Published On: Thu, Nov 24th, 2016

Facebook Accused of Enabling Censorship To Appease China

Mark-Zuckerberg-Facebook

 

Facebook has developed a new censorship tool as part of an effort to get back into the Chinese market. The world’s largest social media network was banned in that country seven years ago.

But why was it banned? Well social media played a central role in The Arab Spring where governments in Libya, Egypt and Tunisia were toppled. The Chinese government is concerned that Facebook could be used for similar anti-government organization in its country.

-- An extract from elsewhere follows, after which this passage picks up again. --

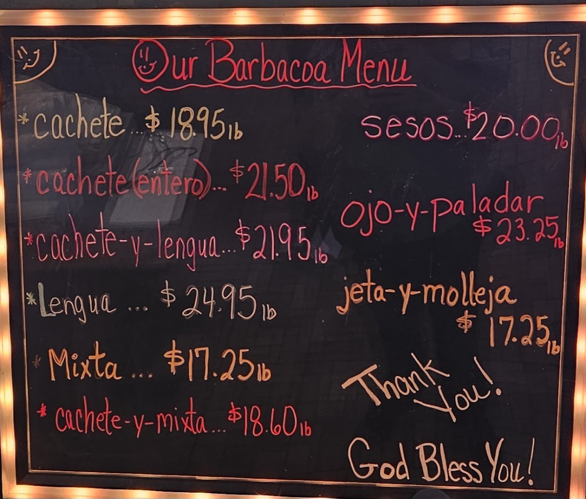 A pound of either jeta, molleja or both! The jeta is the part of the cabeza that is directly beneath the cachete. The molleja is right behind the jaw.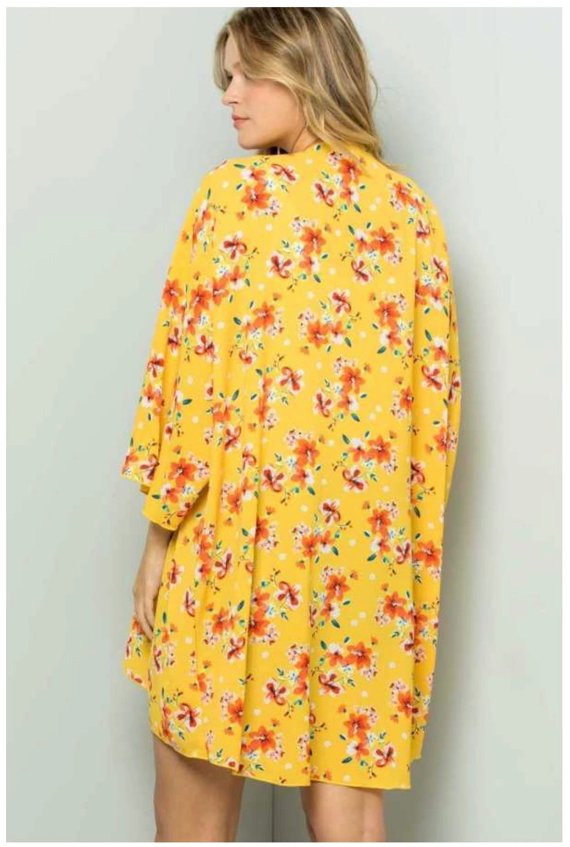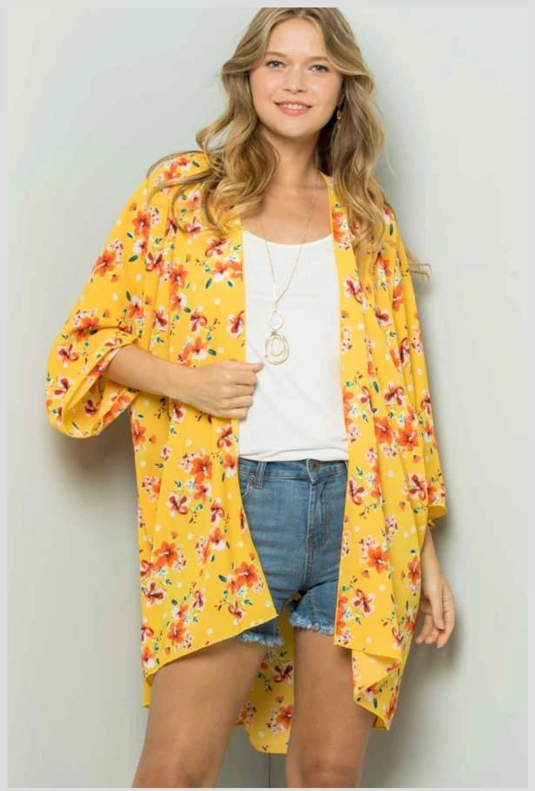 65 OT-F {Flowers In Sunshine} Yellow Floral Printed Cardigan PLUS SIZE

The New York Times reported that Facebook employees revealed to it that the company has developed a tool which can be used to block certain news feeds from appearing in select regions in China. The tool would not be used by the company itself, but by another party like a Facebook partner in China.

 

china-flag-map

 

This comes after Mark Zuckerberg has been courting Chinese leaders including President Xi Jinping.

Other social media firms engage in similar practices and Facebook already allows for such censorship in other countries.

Corporate cooperation with government censorship around the world has been a controversial subject for some time now. Internet behemoths like Google have been criticized by free speech groups for allowing countries like China to censor their content.

But do private corporations have a responsibility to not cooperate with non-democratic governments? Well Facebook does not see any conflict here.

“We have long said that we are interested in China, and are spending time understanding and learning more about the country, ” Facebook spokeswoman Arielle Aryah said in an emailed statement to Reuters.

“However, we have not made any decision on our approach to China. Our focus right now is on helping Chinese businesses and developers expand to new markets outside China by using our ad platform.”

There is nothing new to controversy surrounding the dealings of private enterprises in non-democratic countries. Oil companies have been lambasted for working with repressive Arab regimes in the Middle East. Throughout the Cold War American firms were often attacked for doing business with dictatorial regimes in El Salvador and The Philippines.